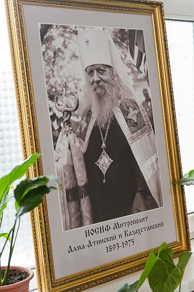 За Литургией возносились заупокойные молитвы о приснопамятных казахстанских иерархах: – архиепископе Софонии (Сокольском, †1877 г.) и епископе Никоне (Богоявленском, †1897 г.), погребенных у алтаря Софийского собора, и подвижнике благочестия митрополите Иосифе (Чернове, †1975 г.), чья гробница находится в Софийском соборе, а также о приснопамятном протоиерее Иоанне Слюсаре – одном из старейших клириков Алма-Атинской епархии, служившем в обители. Накануне, 25 октября, в день памяти священноисповедника Николая, исполнилось семь лет со дня преставления отца Иоанна ко Господу.
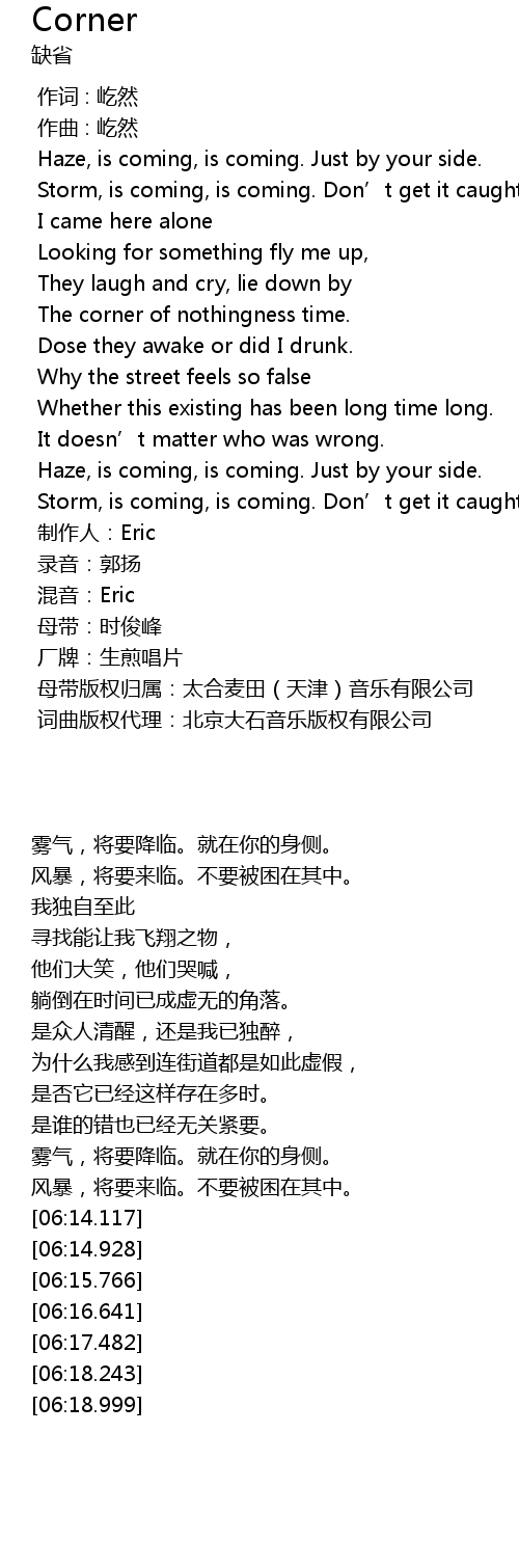| [06:15.766] | 混音:Eric |
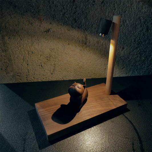 Soft Cute Healing Solid Wood Street Lamp Tsundere Cat Wooden Ornament Desktop Atmosphere Cabinet Bedside Night Light Gift

▶ _Exercise objective_
Set the listing above down again exactly, leaving pictures out.

▶ _Output for this exercise_
 За Литургией возносились заупокойные молитвы о приснопамятных казахстанских иерархах: – архиепископе Софонии (Сокольском, †1877 г.) и епископе Никоне (Богоявленском, †1897 г.), погребенных у алтаря Софийского собора, и подвижнике благочестия митрополите Иосифе (Чернове, †1975 г.), чья гробница находится в Софийском соборе, а также о приснопамятном протоиерее Иоанне Слюсаре – одном из старейших клириков Алма-Атинской епархии, служившем в обители. Накануне, 25 октября, в день памяти священноисповедника Николая, исполнилось семь лет со дня преставления отца Иоанна ко Господу.
| [06:15.766] | 混音:Eric |
 Soft Cute Healing Solid Wood Street Lamp Tsundere Cat Wooden Ornament Desktop Atmosphere Cabinet Bedside Night Light Gift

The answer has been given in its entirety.